S. Leo Chiang | |
Birth Place: | Kaohsiung, Taiwan |
Occupation: | Filmmaker |
Sung-Chang Leo Chiang (born in Kaohsiung City[1]) is a documentary filmmaker. Born in Taiwan and based in San Francisco, Leo received his MFA in film production from University of Southern California. He lectured in the Social Documentation program at University of California, Santa Cruz, and was a fellow in the Sundance Institute Documentary Film Program.

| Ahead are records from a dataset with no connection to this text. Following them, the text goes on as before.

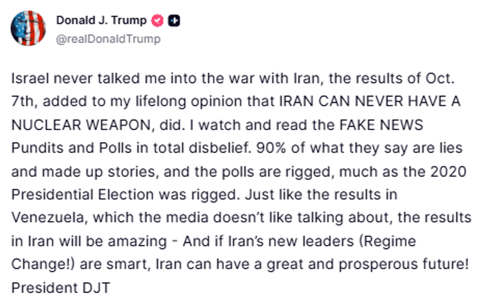 Në vend të kësaj, ai thotë në një postim në Truth Social se përfshirja e Amerikës në konflikt u bazua në 7 tetor, dhe në “mendimin e tij të përjetshëm se Irani nuk mund të ketë kurrë një armë bërthamore”.
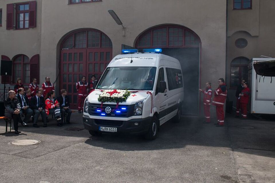 Mit einem zünftigen Fest bei schönstem Wetter stellte die Bereitschaft Süd2 am 31. Mai im Rotkreuzhaus in Sendling ihr neues Einsatzfahrzeug vor und ließ es ökumenisch Segnen.
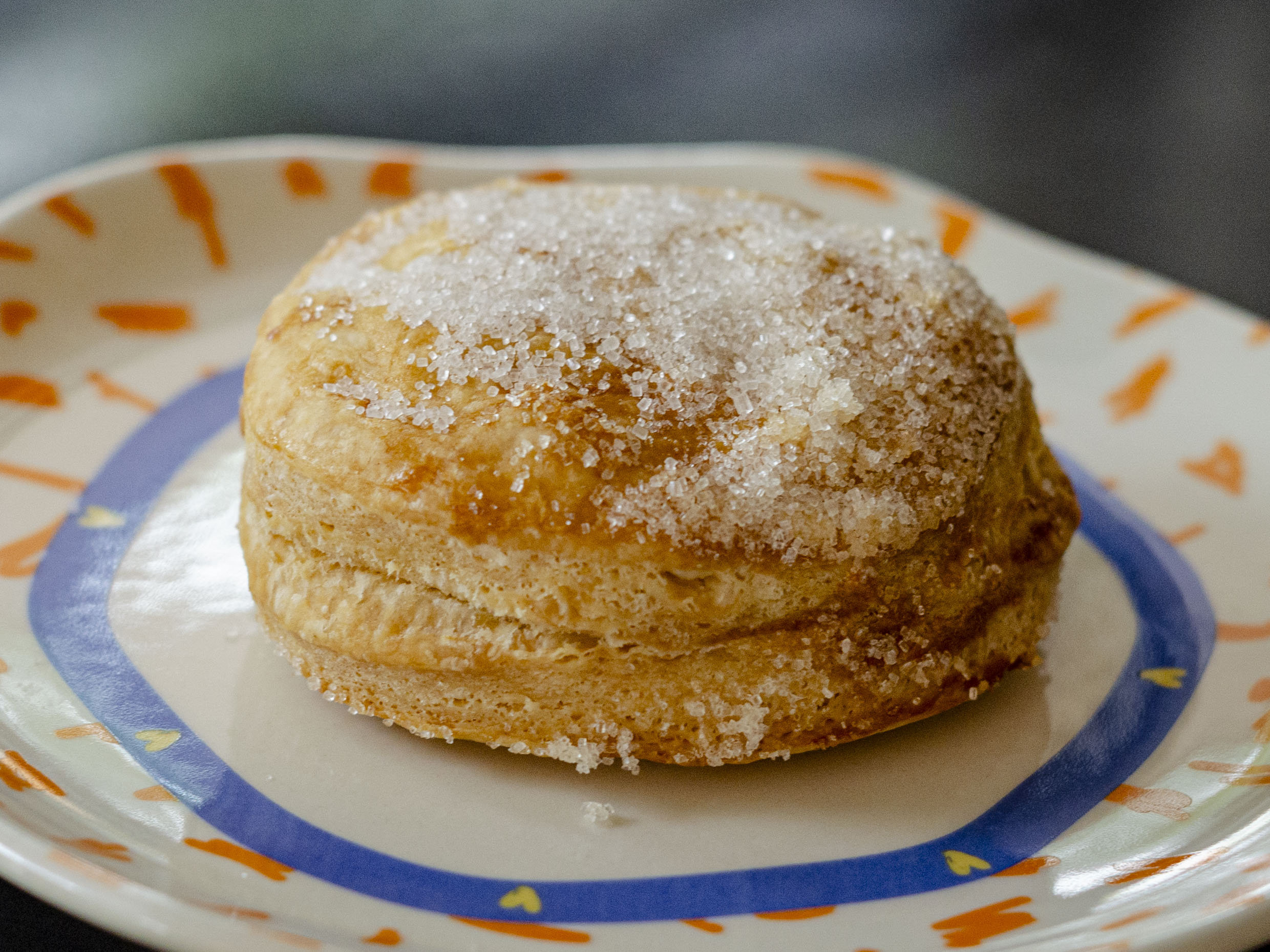 Deliciosa torta de almojabana, queso mozarrella y guayaba.
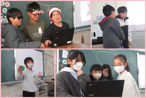 今日は2学期最後の日でした。2組では学級レクを行いました。クイズ、ピアノ演奏、ルービックキューブ、漫才など、一人ひとりが考えた出し物が披露され、教室はたくさんの笑顔であふれました。みんなで笑い、考え、温かい時間を過ごすことができました。
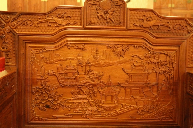 接下來,我們來看看沙發(fā)背靠板正面的主體部分,其畫案外部輪廓形狀呈現如一墨水瓶式形狀設計,上端較為扁實。內部雕刻圖案展現得極為豐富艷麗,正如該款沙發(fā)名字所闡述的那樣——“漢宮春曉”,宛如一幅文人古畫卷中的景致,可以很清晰地看見:那波光漣漪的湖水載著亭臺綺立的龍舟,婉延而緩緩向前開來的景象,前段龍首處神情惟妙惟肖極為莊重而氣定神閑,畫案立于其主體的正中位置,顯得極為惹目和顯眼。在湖水岸邊,靠右端的湖岸上則是那茂密蔥郁的竹林,雖未能身處畫中,卻好似可以聽見,那一葉葉竹瓣隨著微風飄蕩,窸窣碎碎交相搖晃時所發(fā)出的聲響,頗顯幽靜而深遠。另在畫案后方的遠景處,除了稀疏而立的幾目草木郊野,還有一座頂天而豎的寶塔,遠遠眺望著,好似氣派風度。而在湖水的上方,還可以瞥見那兩只展翅高飛的仙鶴,它們乘風而列,自由翱翔時的自在景象,也為整體的畫卷添加了某種只有身處仙境神域時所能感受體會的到的意境神韻感受,另外仙鶴它也代表了長壽與富貴,它仙風道骨,為羽族之長,是為該幅富麗堂皇畫卷中的一處獨特景觀,妖嬈而鶴立。在整體圖案的其他位置,還雕繪有幾目莊嚴氣派矗于湖岸的亭臺樓倚,一尾身處龍舟后方悄悄而出的小帆舟,以及附著于畫卷中央下方位置處,飄縷浮動緩緩而延的祥云…
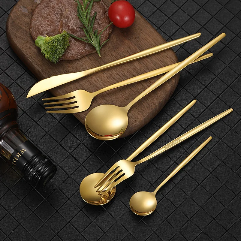 Набор столовых приборов и ложек из нержавеющей стали, золотые португальские столовые приборы знаменитости в Интернете, Западный нож для стейков, десертная ложка, кофейная ложка
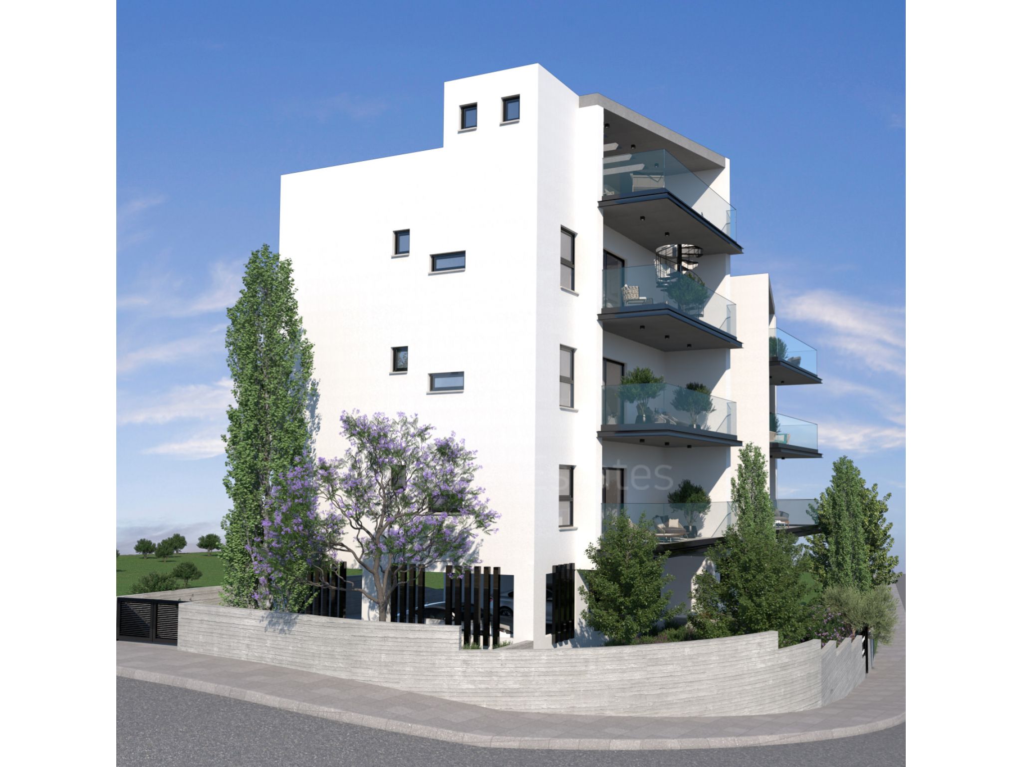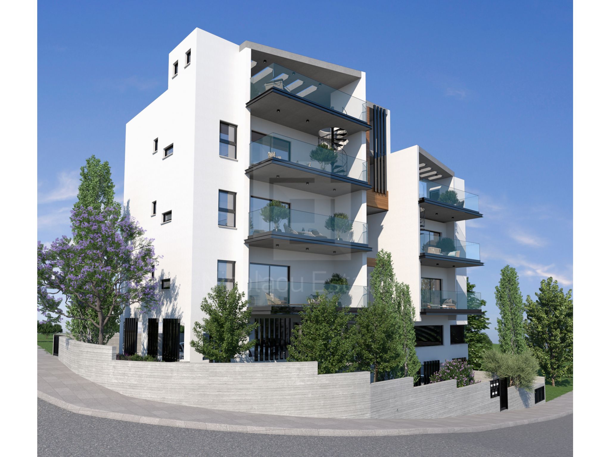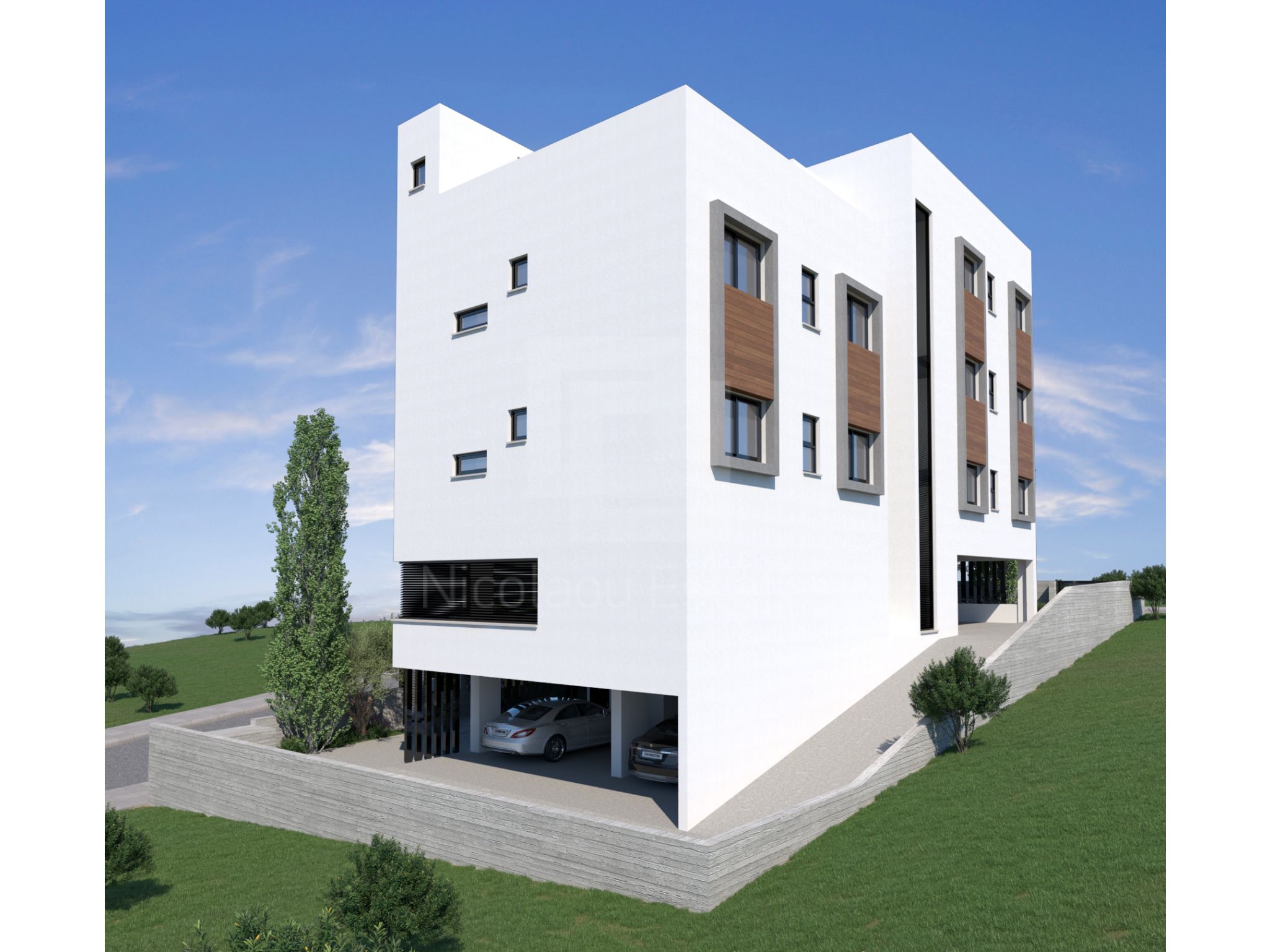 This modern building occupies a corner location next to the private GRAMMAR SCHOOL with panoramic view to the surrounding areas and the city of Limassol. It is characterized by a minimal design and stands out due to its contemporary features.
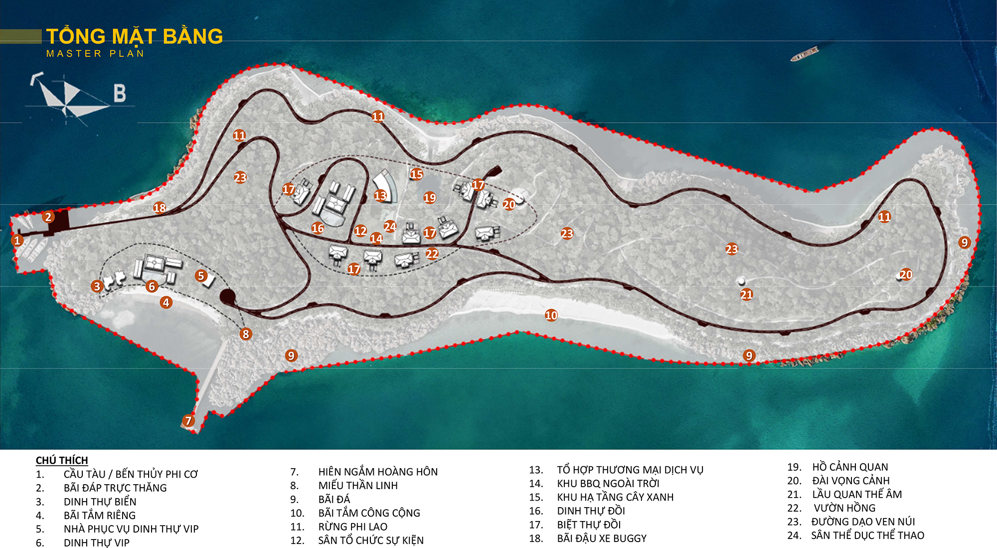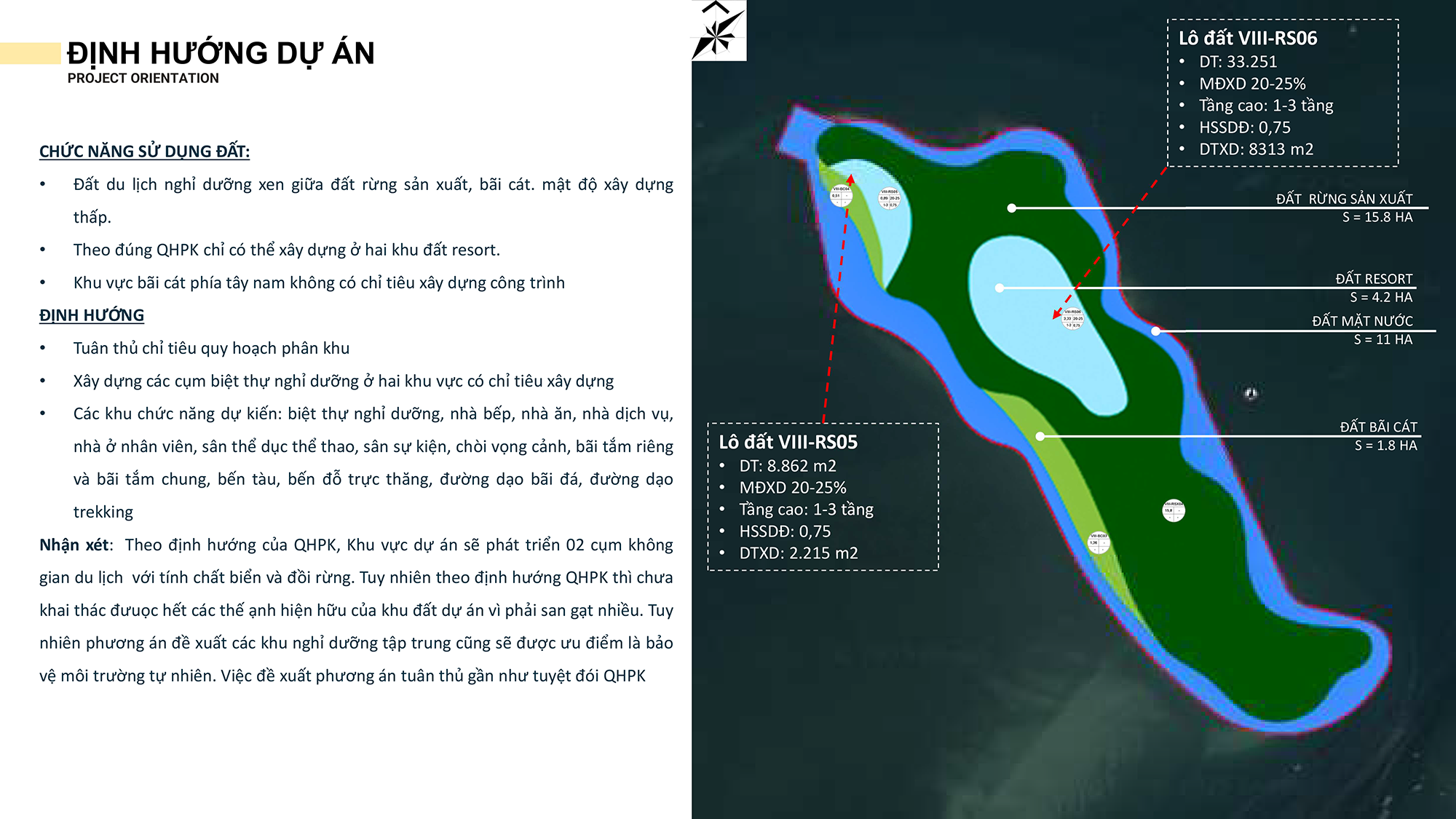 Dự án được quy hoạch theo định hướng phát triển khu nghỉ dưỡng – đô thị sinh thái cao cấp, tích hợp hệ thống dịch vụ và tiện ích đa dạng nhằm đáp ứng trọn vẹn nhu cầu lưu trú, nghỉ dưỡng, vui chơi giải trí và chăm sóc sức khỏe của cư dân cũng như du khách.
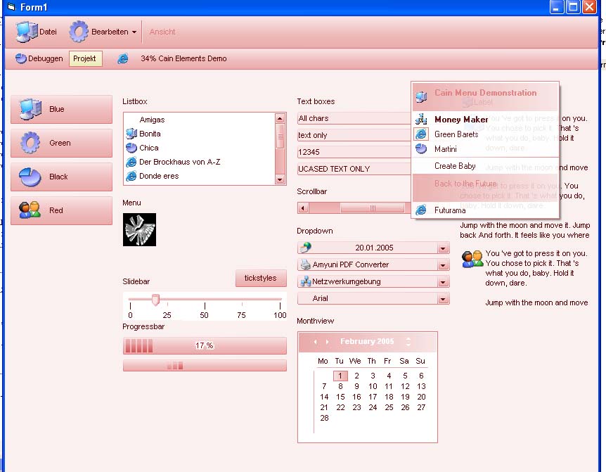 I improved the Controls a little bit and added a Harmonizer. The Harmonizer "harmonizes" the color and fonts of all controls that belongs to cainObjects. So you don't have to do it manually.
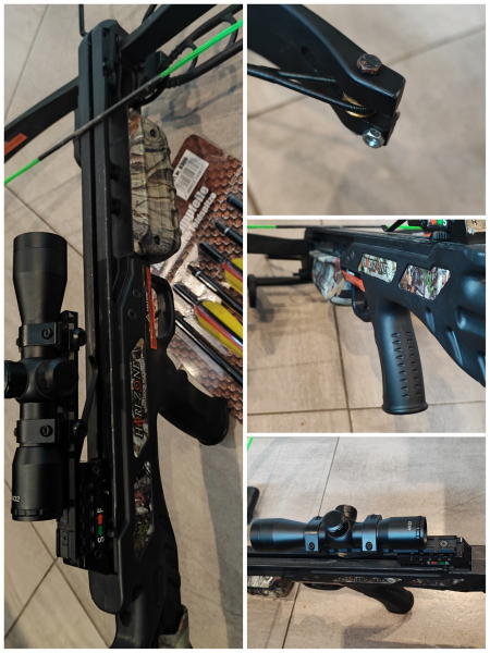 Ich kenne mich mit Bögen absolut nicht aus und kann leider nur bedingt Anbaben machen. Wie auf dem Bild zu sehen ist, ist der Bogen mal mit einer Schreube repariert worden. Funktioniert aber auch so. Mit dabei ist eine neue Packung Pfeile, Zielfernrohr. verstellbarer Schaft.

His film Out Run, co-directed with award-winning filmmaker Johnny Symons, premiered at the Full Frame Documentary Film Festival and won Best Cinematography for a Feature Length Documentary Film at the Los Angeles Asian Pacific Film Festival. His previous documentary, Mr. Cao Goes to Washington,[2] won the Inspiration Award at the 2012 Full Frame Documentary Film Festival. His film, A Village Called Versailles,[3] about the rebuilding and transformation of the Vietnamese American community in post-Katrina New Orleans, was nominated for a national News & Documentary Emmy Award. It picked up eight film festival awards, aired on PBS Independent Lens series, and has been acquired by more than 200 academic and public libraries.
His other films include To You Sweetheart, Aloha (PBS broadcast 2006), One + One (CINE Golden Eagle Award 2002), and Safe Journey. Leo also collaborates with other documentary filmmakers as an editor (True-Hearted Vixen, POV 2001; Recalling Orange County, PBS/VOCES 2006) and as a cameraman (Ask Not, Independent Lens 2009).
His 2023 film Island in Between, about Kinmen Island and its Cold War past (e.g. First Taiwan Strait Crisis and Second Taiwan Strait Crisis), was nominated for the 96th Academy Awards in the category of Best Documentary Short Subject. Reuters reported that Chiang "aimed to use the island as a visual representation of the tensions with China, but also to ultimately tell a story about what it means to be Taiwanese."[4]